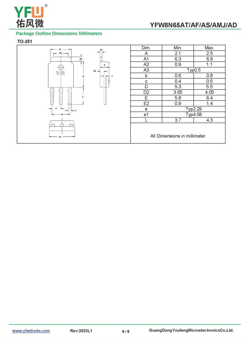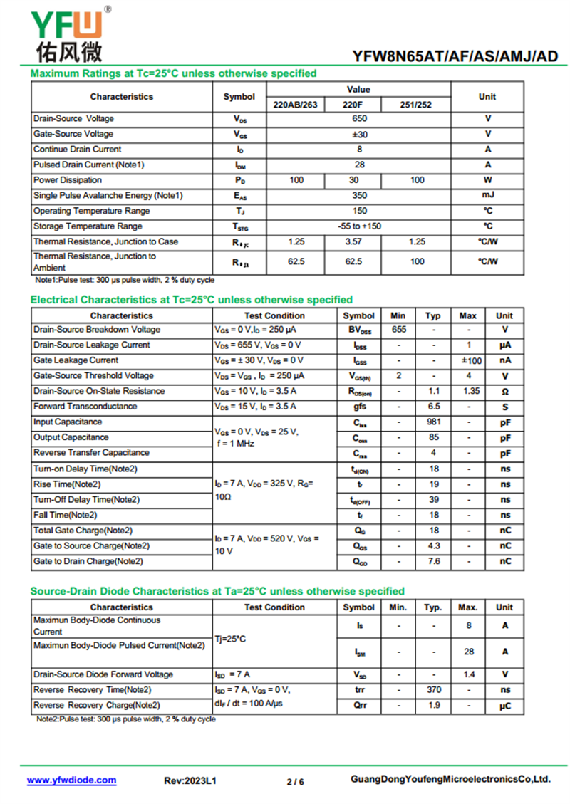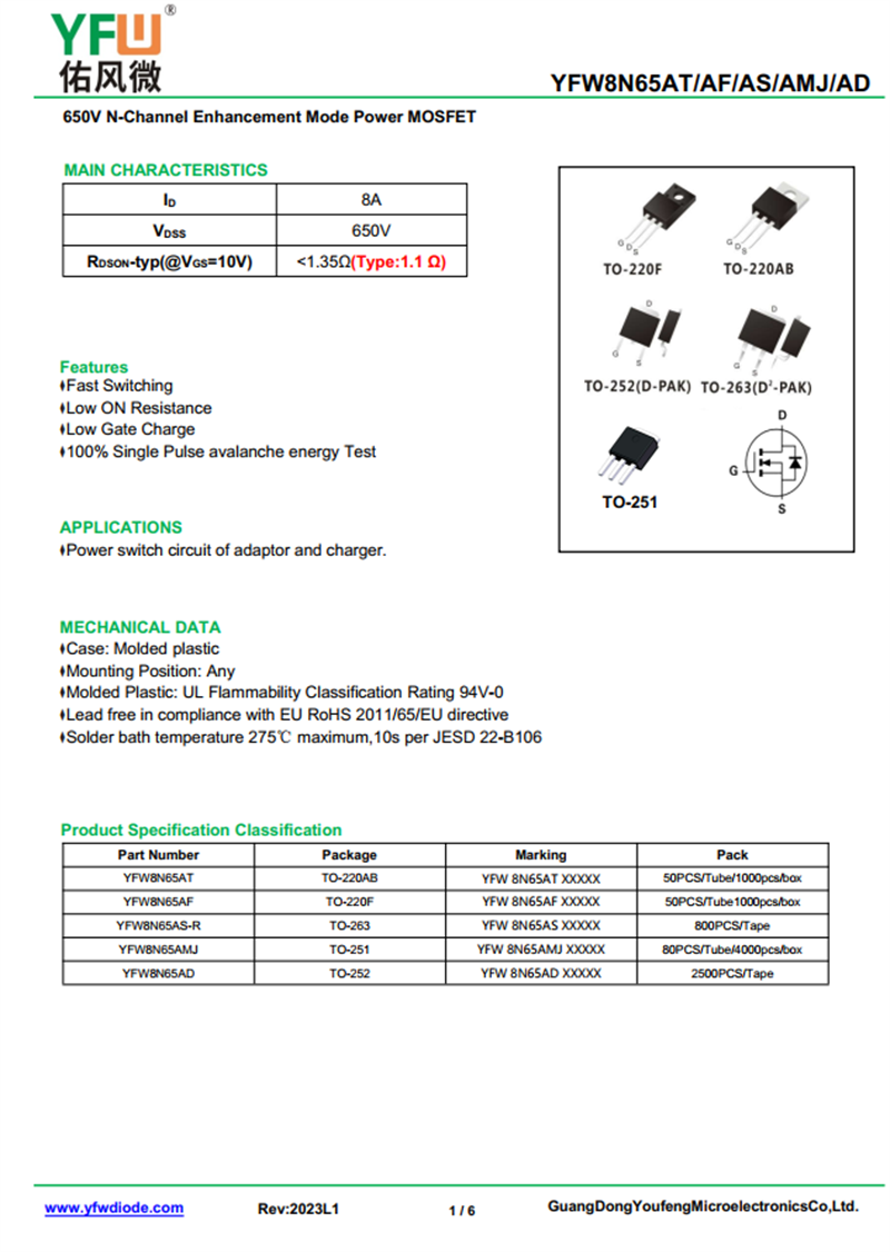 場效應管YFW8N65AMJ 規格書_價格_PDF手冊-廣東佑風微原廠YFW8N65AMJ TO-251_(YFW佑風微)品牌
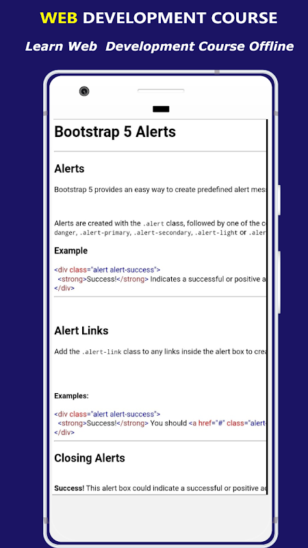 Jika Anda ingin mempelajari kursus lengkap pengembangan web, aplikasi Kursus Pengembangan Web ini mengajarkan Anda cara merancang dan mengembangkan situs web dan aplikasi web HTML, CSS, dan Bootstrap. Tutorial offline Pelajari Kursus Pengembangan Web adalah aplikasi yang mudah digunakan, Anda tidak memerlukan konektivitas internet. Aplikasi tidak diragukan lagi adalah aplikasi pengembangan web terlengkap yang tersedia di toko. Bahkan jika Anda tidak memiliki pengalaman pemrograman, kursus ini akan membawa Anda dari pemula hingga mahir.
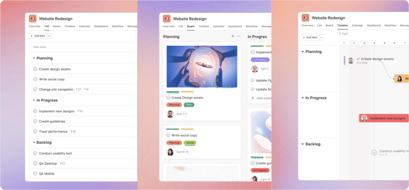 Manage your projects from start to finish. With all of your projects in Asana, you’ll always know who’s doing what, by when.
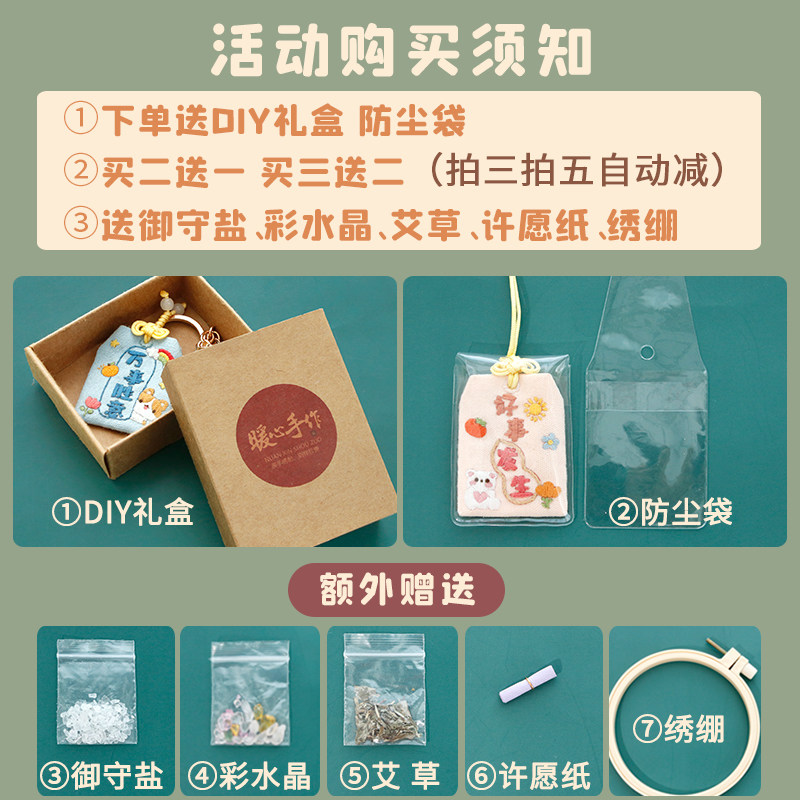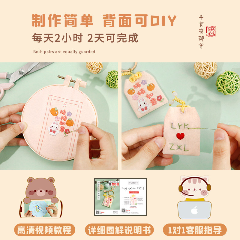 Ping An Fu Embroidery Handmade DIY Material Package Ping An Fu Yu Shou Beginner Self-embroidered Fabric Art for Boyfriend Gifts
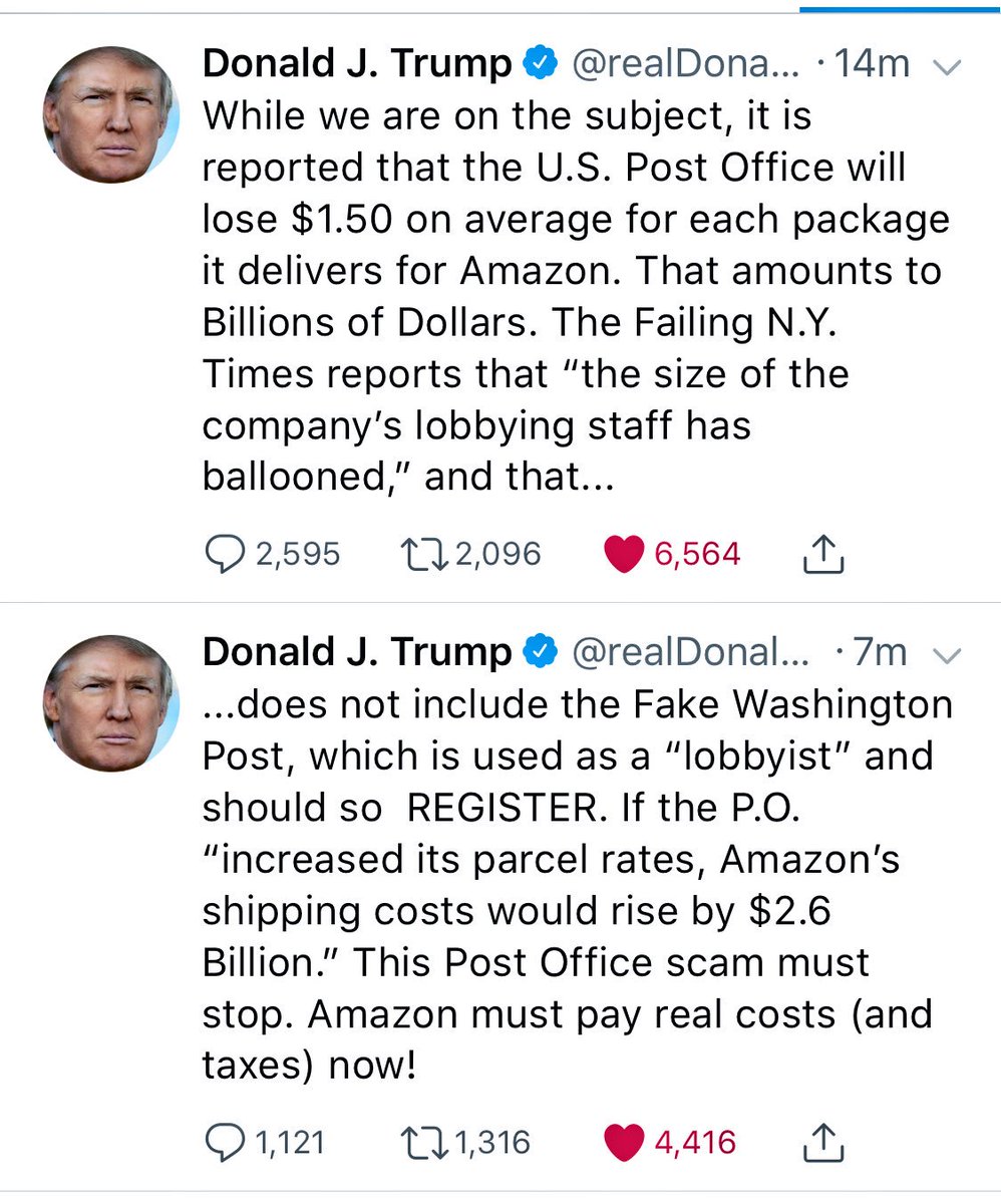@realDonaldTrump POTUS - you need to actually learn about the regs for USPS before you tweet - and know that your R cronies are the ones who forced USPS to be in the red with the prefunding mandate on retiree health care benefits. The USPS does not govt money.#dopeThanks. Twitter will use this to make your timeline better. UndoUndo
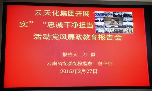 3月27日下午,云天化集团在昆明总部召开了“三严三实”“忠诚干净担当”专题教育活动党风廉政教育报告会,云南省纪委纪检监察三室主任刀勇莅临大会就党风廉政建设以及“三严三实”“忠诚干净担当”专题教育活动做专题讲解,集团董事长、党委副书记他盛华主持报告会。 集团公司领导、集团总部机关中层领导干部;...
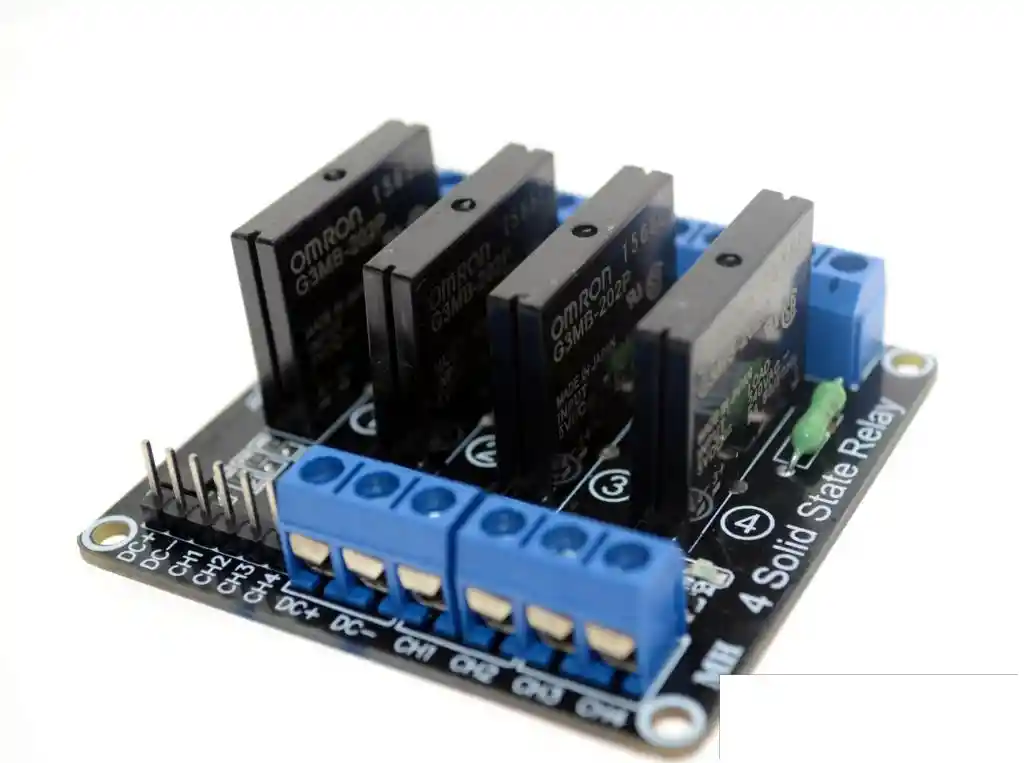 1, rele de estado solido OMRON 5V 240V 2A, salida con fusible de resistencia tipo 240V 2A. 2, tamaño: 57 * 55 * 25 (largo * ancho * alto) peso neto: 40 g 3, la fuente de alimentacion de entrada: 5V DC (160MA) 4, el voltaje de la señal de control de entrada: (0-2.5V el estado del rele de bajo nivel ON) (3.3-5V rele de alto nivel OFF ) 5, el terminal KF301 de 2.54 CM y el terminal azul estan conectados a la linea de control mas conveniente. Interfaz del modulo: Parte de entrada: DC +: conecte la fuente de alimentacion positiva (presione la fuente de alimentacion de voltaje de rele) DC-: el catodo de una fuente de alimentacion CH1: 1 modulo de rele señal de fin de disparo (disparo de alto nivel efectivo) CH2: final de activacion de señal del modulo de rele 2 (activacion de alto nivel efectiva) CH3: final de activacion de señal del modulo de rele 3 (activacion de alto nivel efectiva) CH4: final de activacion de señal del modulo de rele 4 (activacion de alto nivel efectiva) Alto nivel y bajo nivel de significado: El disparador de alto nivel se refiere al final del disparador de señal (IN) tenia un voltaje positivo y el polo negativo de la fuente de alimentacion generalmente esta entre, y el final del disparador de un disparador conectado con el polo positivo de una fuente de alimentacion, cuando el final del disparador tiene Un voltaje positivo o alcanzado el voltaje de disparo, el rele es atraido. El disparador de nivel bajo se refiere al voltaje de activacion de la señal entre el extremo y el electrodo negativo de la fuente de alimentacion es OV, o el voltaje del terminal de activacion es mas bajo que el voltaje positivo de la fuente de alimentacion, bajo para activar el rele, es generalmente el catodo de la fuente de alimentacion y el extremo de activacion de una conexion de modo de disparo, de modo que se atrae el rele. Parametros electricos: La version de voltaje de corriente estatica de la corriente de trabajo del voltaje de disparo, corriente de disparo 1 via 5V 0mA 13.8mA 3.3-5V 2mA 2 vias 5V 0mA 26.8mA 3.3-5V 2mA 3 vias 5V 0mA 37mA 3.3-5V 2mA 4 vias 5V 0mA 48mA 3.3-5V 2mA Uso: Fuente de alimentacion del modulo: la fuente de alimentacion debe ser coherente con la tension de CC, el rele de tension 1X RELE ESTADO SOLIDO 4 CANALES
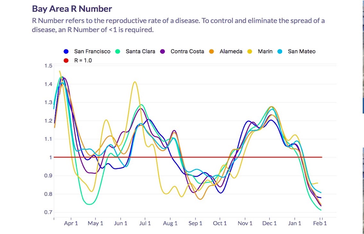 We will probably be hearing more about the R Number in the weeks to come. To thwart the B117 variant, some suggest we will need to lower the current R Number below .7 and keep it there.Ā Today’s estimates for the San Francisco R Number range from .72 to .97, with an average of over .75. The estimate for California ranges fromĀ .7 to .94 for an average of .76.
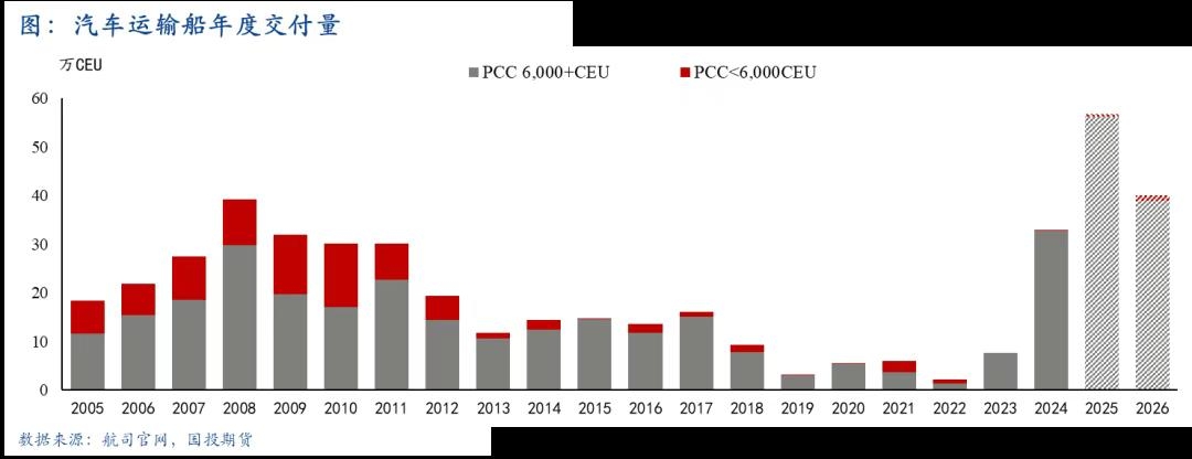 四、汽车运输船对集运货量的分流 除传统集运船舶外,另一股影响欧线供应格局的力量来自汽车滚装船的集中交付。 此前,由于中国电动汽车出口爆发式增长,而汽车运输船运力不足、新船建造周期长,大量汽车选择通过集装箱船进行运输。2024年以来,汽车运输船下水速度明显加快,其中不少被部署在欧洲航线。目前下水的多为6,000+CEU(标准车位数)级别的船舶,若以每40尺集装箱装运3辆汽车估算,单艘此类汽车船一次航程相当于分流了超过4,000TEU的集装箱货量。 随着后续更多汽车船投入运营,汽车海运运力将得到快速补充,预计将逐步分流目前通过集装箱船运输的电动汽车货量,从而减弱其对集运欧线需求端的拉动作用。
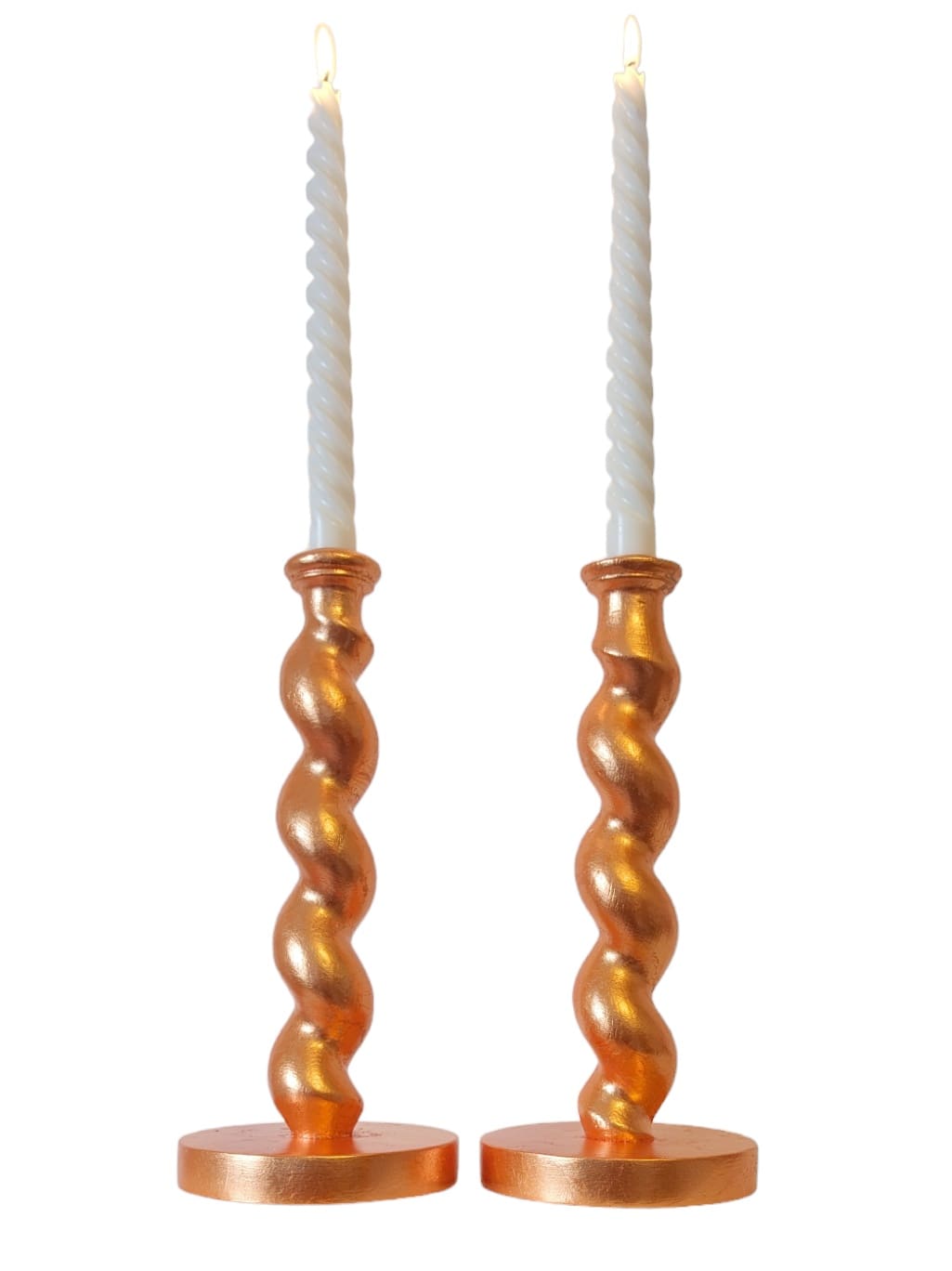 Twisted Peach Candlesticks | Gilded in Peach Silver Leaf

▶ _TASK OBJECTIVE_: The task calls for duplicating the data exactly, with no images kept.

▶ _YOUR SOLUTION_:
 場效應管YFW8N65AMJ 規格書_價格_PDF手冊-廣東佑風微原廠YFW8N65AMJ TO-251_(YFW佑風微)品牌
 Jika Anda ingin mempelajari kursus lengkap pengembangan web, aplikasi Kursus Pengembangan Web ini mengajarkan Anda cara merancang dan mengembangkan situs web dan aplikasi web HTML, CSS, dan Bootstrap. Tutorial offline Pelajari Kursus Pengembangan Web adalah aplikasi yang mudah digunakan, Anda tidak memerlukan konektivitas internet. Aplikasi tidak diragukan lagi adalah aplikasi pengembangan web terlengkap yang tersedia di toko. Bahkan jika Anda tidak memiliki pengalaman pemrograman, kursus ini akan membawa Anda dari pemula hingga mahir.
 Manage your projects from start to finish. With all of your projects in Asana, you’ll always know who’s doing what, by when.
 Ping An Fu Embroidery Handmade DIY Material Package Ping An Fu Yu Shou Beginner Self-embroidered Fabric Art for Boyfriend Gifts
@realDonaldTrump POTUS - you need to actually learn about the regs for USPS before you tweet - and know that your R cronies are the ones who forced USPS to be in the red with the prefunding mandate on retiree health care benefits. The USPS does not govt money.#dopeThanks. Twitter will use this to make your timeline better. UndoUndo
 3月27日下午,云天化集团在昆明总部召开了“三严三实”“忠诚干净担当”专题教育活动党风廉政教育报告会,云南省纪委纪检监察三室主任刀勇莅临大会就党风廉政建设以及“三严三实”“忠诚干净担当”专题教育活动做专题讲解,集团董事长、党委副书记他盛华主持报告会。 集团公司领导、集团总部机关中层领导干部;...
 1, rele de estado solido OMRON 5V 240V 2A, salida con fusible de resistencia tipo 240V 2A. 2, tamaño: 57 * 55 * 25 (largo * ancho * alto) peso neto: 40 g 3, la fuente de alimentacion de entrada: 5V DC (160MA) 4, el voltaje de la señal de control de entrada: (0-2.5V el estado del rele de bajo nivel ON) (3.3-5V rele de alto nivel OFF ) 5, el terminal KF301 de 2.54 CM y el terminal azul estan conectados a la linea de control mas conveniente. Interfaz del modulo: Parte de entrada: DC +: conecte la fuente de alimentacion positiva (presione la fuente de alimentacion de voltaje de rele) DC-: el catodo de una fuente de alimentacion CH1: 1 modulo de rele señal de fin de disparo (disparo de alto nivel efectivo) CH2: final de activacion de señal del modulo de rele 2 (activacion de alto nivel efectiva) CH3: final de activacion de señal del modulo de rele 3 (activacion de alto nivel efectiva) CH4: final de activacion de señal del modulo de rele 4 (activacion de alto nivel efectiva) Alto nivel y bajo nivel de significado: El disparador de alto nivel se refiere al final del disparador de señal (IN) tenia un voltaje positivo y el polo negativo de la fuente de alimentacion generalmente esta entre, y el final del disparador de un disparador conectado con el polo positivo de una fuente de alimentacion, cuando el final del disparador tiene Un voltaje positivo o alcanzado el voltaje de disparo, el rele es atraido. El disparador de nivel bajo se refiere al voltaje de activacion de la señal entre el extremo y el electrodo negativo de la fuente de alimentacion es OV, o el voltaje del terminal de activacion es mas bajo que el voltaje positivo de la fuente de alimentacion, bajo para activar el rele, es generalmente el catodo de la fuente de alimentacion y el extremo de activacion de una conexion de modo de disparo, de modo que se atrae el rele. Parametros electricos: La version de voltaje de corriente estatica de la corriente de trabajo del voltaje de disparo, corriente de disparo 1 via 5V 0mA 13.8mA 3.3-5V 2mA 2 vias 5V 0mA 26.8mA 3.3-5V 2mA 3 vias 5V 0mA 37mA 3.3-5V 2mA 4 vias 5V 0mA 48mA 3.3-5V 2mA Uso: Fuente de alimentacion del modulo: la fuente de alimentacion debe ser coherente con la tension de CC, el rele de tension 1X RELE ESTADO SOLIDO 4 CANALES
 We will probably be hearing more about the R Number in the weeks to come. To thwart the B117 variant, some suggest we will need to lower the current R Number below .7 and keep it there.Ā Today’s estimates for the San Francisco R Number range from .72 to .97, with an average of over .75. The estimate for California ranges fromĀ .7 to .94 for an average of .76.
 四、汽车运输船对集运货量的分流 除传统集运船舶外,另一股影响欧线供应格局的力量来自汽车滚装船的集中交付。 此前,由于中国电动汽车出口爆发式增长,而汽车运输船运力不足、新船建造周期长,大量汽车选择通过集装箱船进行运输。2024年以来,汽车运输船下水速度明显加快,其中不少被部署在欧洲航线。目前下水的多为6,000+CEU(标准车位数)级别的船舶,若以每40尺集装箱装运3辆汽车估算,单艘此类汽车船一次航程相当于分流了超过4,000TEU的集装箱货量。 随着后续更多汽车船投入运营,汽车海运运力将得到快速补充,预计将逐步分流目前通过集装箱船运输的电动汽车货量,从而减弱其对集运欧线需求端的拉动作用。
 Twisted Peach Candlesticks | Gilded in Peach Silver Leaf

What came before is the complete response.